Big banks including JPMorgan Chase and Goldman Sachs had just finished taking victory laps after a blockbuster quarter when concerns emerged from an obscure corner of Wall Street, sending a collective shiver through global finance.

Regional bank Zions late Wednesday disclosed a near total wipeout on $60 million in loans after finding “apparent misrepresentations” from the borrowers. The next day, peer Western Alliance said that it had sued the same borrower, a commercial real estate firm called the Cantor Group, for alleged fraud.

The result was a sudden and deep selloff among regional banks, drawing comparisons to the churn of the 2023 banking crisis that consumed Silicon Valley Bank and First Republic. This time around, investors are focused on a specific type of lending made by banks to non-depository financial institutions, or NDFIs, as the source of possible contagion.

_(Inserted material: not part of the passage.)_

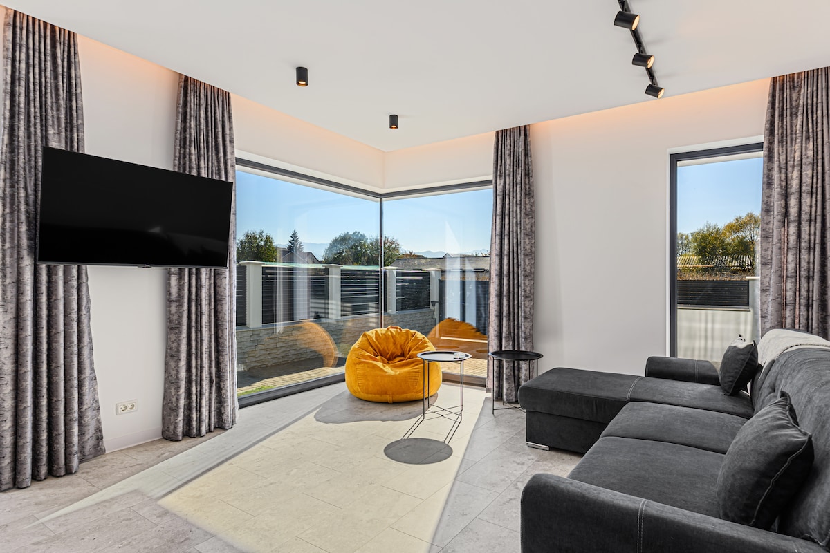 A uniquely and carefully designed, this apartment perfectly combines coziness with stunning Scandinavian accents. Situated in a new residential neighborhood, we go above and beyond to ensure a unique experience for our guests. Our home can accommodate up to 4 people and has its parking lot. The standout feature of this penthouse is the spacious terrace with a jacuzzi and a panoramic view over the mountains, being ideal for couples, business travelers, solo adventurers, or families (with kids).
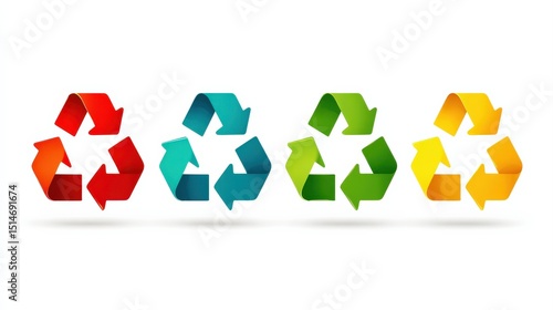 Four colorful recycle symbols in red, blue, green, and yellow, representing sustainability and environmental awareness.

“When you see one cockroach, there are probably more,” JPMorgan CEO Jamie Dimon said this week. “Everyone should be forewarned on this one.”

Concerns over credit quality had been simmering for weeks after the September collapse of two U.S. auto-related companies. JPMorgan, the biggest U.S. bank by assets, this week reported a $170 million loss tied to one of them, the subprime auto lender Tricolor.

But it wasn’t until a third case of alleged fraud around loans made to NDFIs that investors were jolted into fearing the worst, according to Truist banking analyst Brian Foran.

“You now have had three situations where there was alleged fraud” involving NDFIs, Foran said.

Dimon’s comments “really resonated with people who were like, ‘Oh, man, the tide went out a little bit, and now we’re seeing who was lacking their swim trunks,” Foran said.

Regional banks and credit concerns: Here's what to know

What are NDFIs?

The episode cast a spotlight on a fast-growing category of loans made by regional banks and global investment banks alike. Rules put into place after the 2008 financial crisis discouraged regulated banks from making many types of loans, from mortgages to subprime auto, leading to the rise of thousands of non-bank lenders.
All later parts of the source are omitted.